Information supplied:
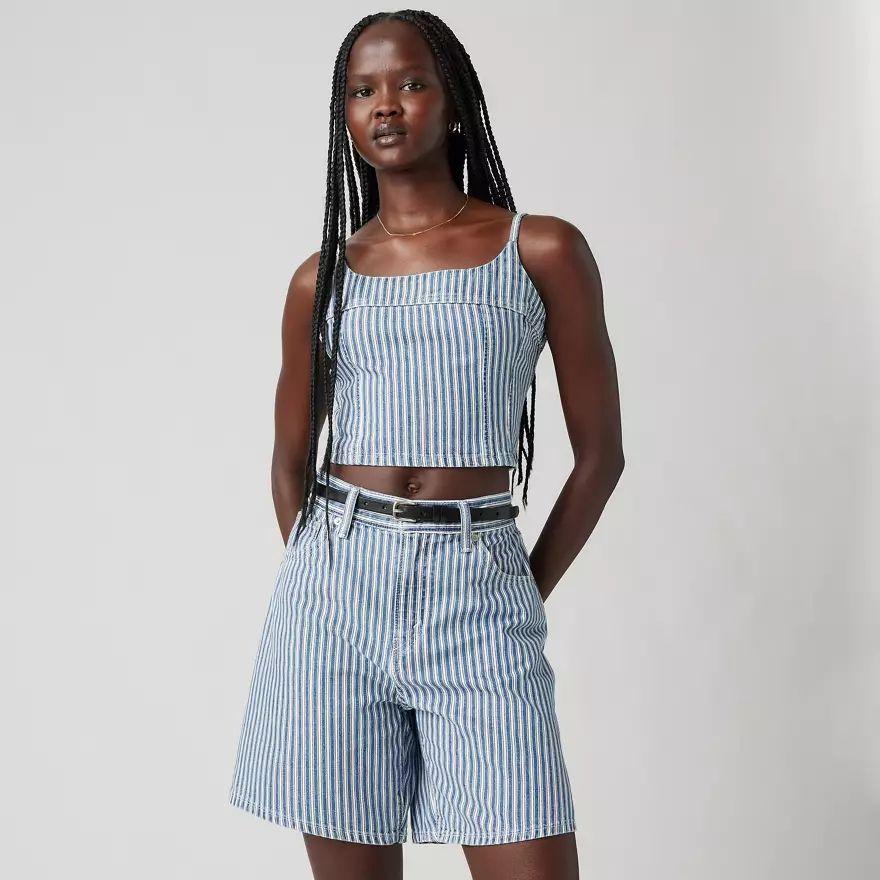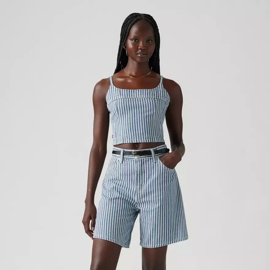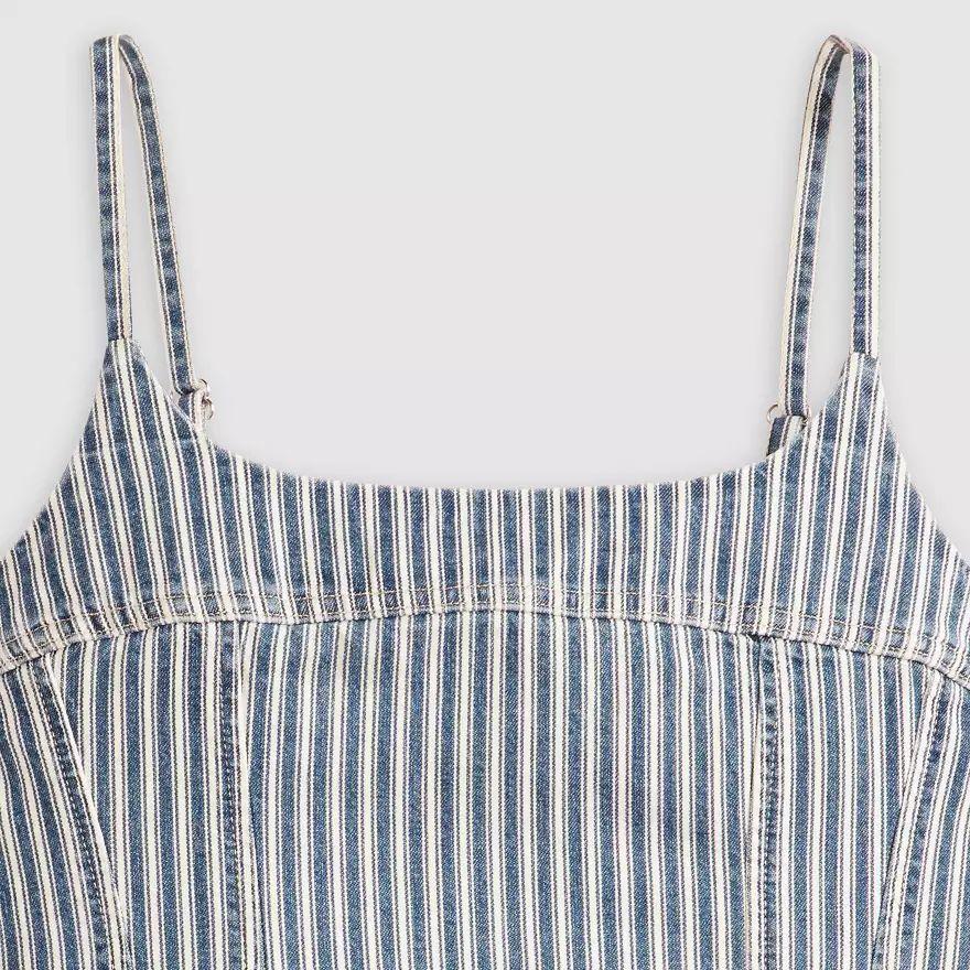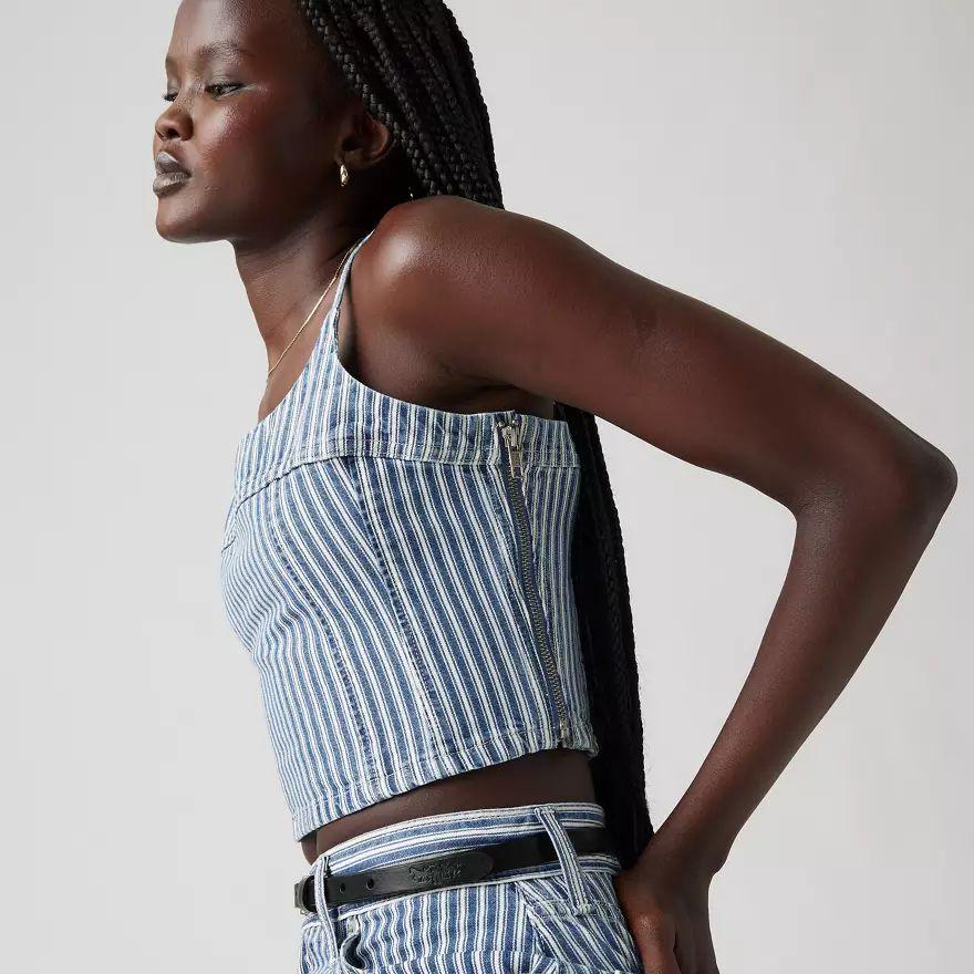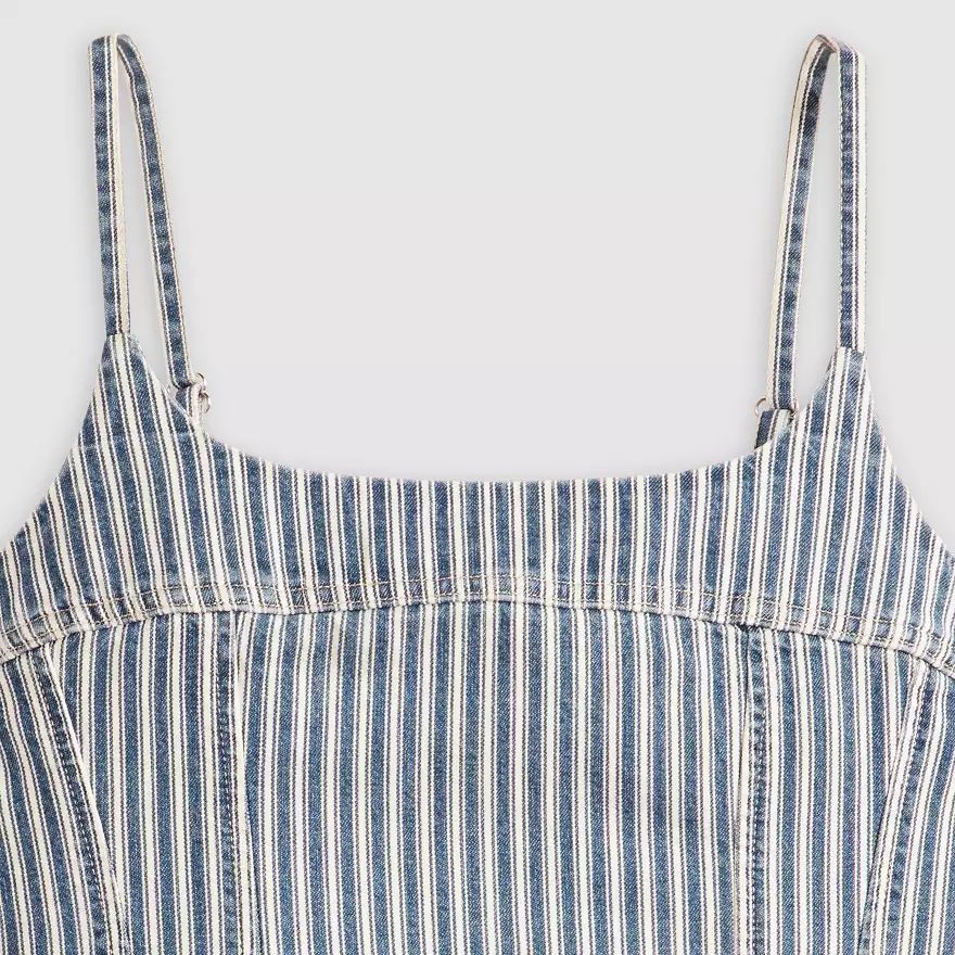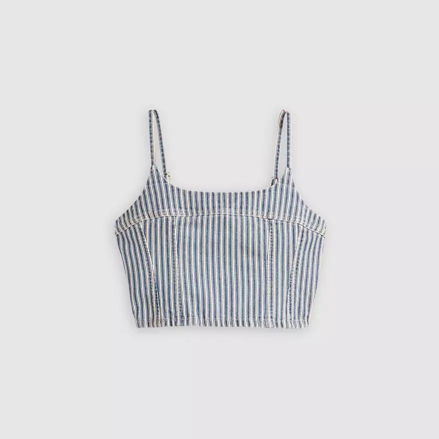 Un caraco toujours aussi craquant. Notre débardeur Jadine Denim Cami présente une charmante encolure dégagée, des bretelles fines et réglables et une coupe crop moulante.
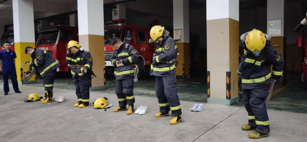 在實戰演練中,老師們不但領略了消防官兵20秒著裝、45秒出發的驚人速度,還親身體驗了消防著裝、消防器具演練,并進行了干粉滅火器滅火實戰。
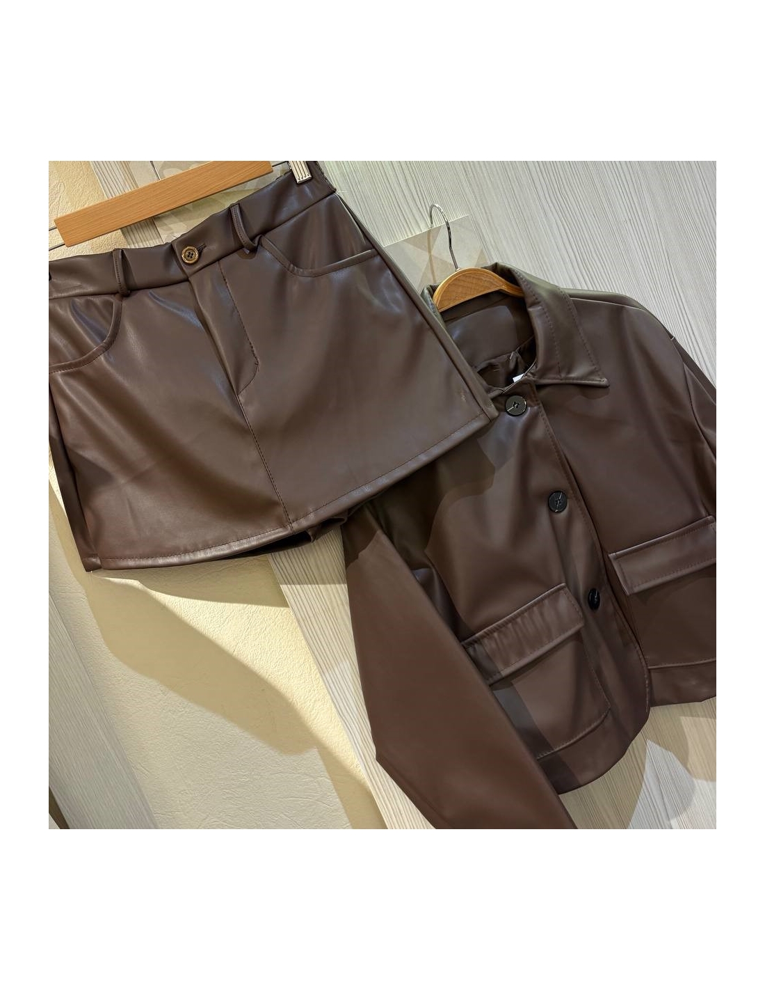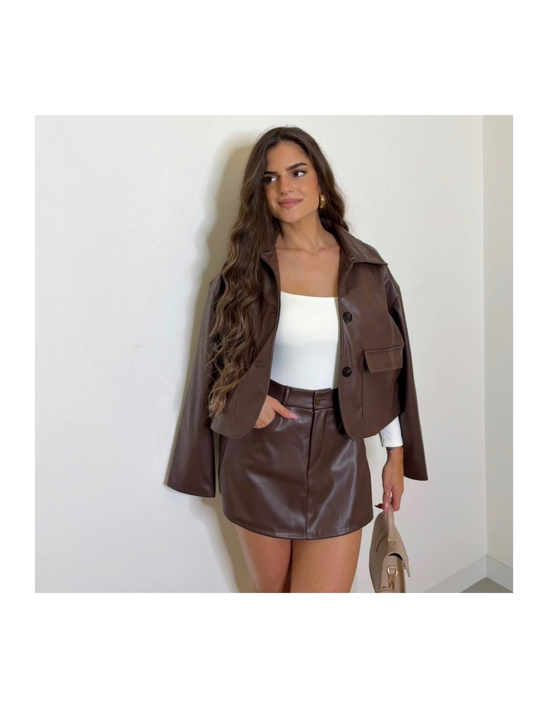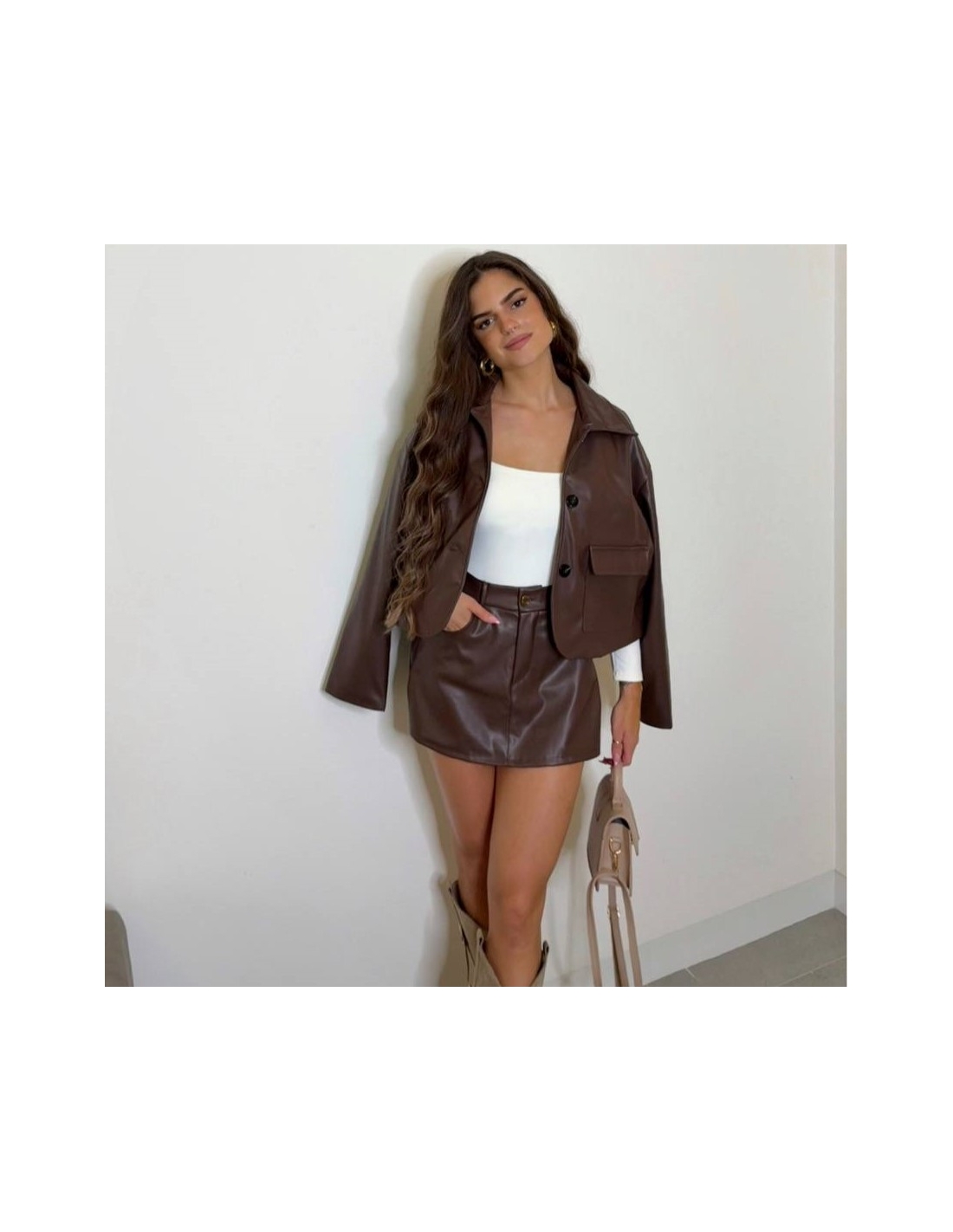 Conjunto efecto piel en tono choco. Cazadora de corte oversize con forro interior abotonada. Falda pantalón. Talla única. Calidad +++++++
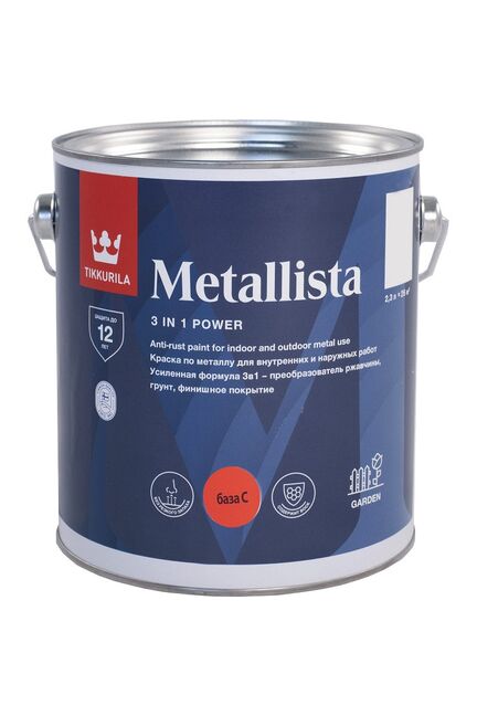 Специальная атмосферостойкая краска по ржавчине для внутренних и наружных работ, сочетает в себе свойства преобразователя ржавчины, антикоррозионной грунтовки и декоративного финишного покрытия. Стальные и чугунные конструкции, садовая мебель, гаражи, ограды, решетки и т.п. Не применяется для полов и ступеней лестниц.Глянцевый. Расход 10–13 м²/л. Время высыхания: 10 часов (базы: А, С / готовые цвета: черный, зеленый, темно-серый, темно-коричневый); 16 часов (готовые цвета: золотистый, серебристый), от пыли - 2 часа.

Action item:
Without including any picture, write out the material above exactly.

Your solution:
 Un caraco toujours aussi craquant. Notre débardeur Jadine Denim Cami présente une charmante encolure dégagée, des bretelles fines et réglables et une coupe crop moulante.
 在實戰演練中,老師們不但領略了消防官兵20秒著裝、45秒出發的驚人速度,還親身體驗了消防著裝、消防器具演練,并進行了干粉滅火器滅火實戰。
 Conjunto efecto piel en tono choco. Cazadora de corte oversize con forro interior abotonada. Falda pantalón. Talla única. Calidad +++++++
 Специальная атмосферостойкая краска по ржавчине для внутренних и наружных работ, сочетает в себе свойства преобразователя ржавчины, антикоррозионной грунтовки и декоративного финишного покрытия. Стальные и чугунные конструкции, садовая мебель, гаражи, ограды, решетки и т.п. Не применяется для полов и ступеней лестниц.Глянцевый. Расход 10–13 м²/л. Время высыхания: 10 часов (базы: А, С / готовые цвета: черный, зеленый, темно-серый, темно-коричневый); 16 часов (готовые цвета: золотистый, серебристый), от пыли - 2 часа.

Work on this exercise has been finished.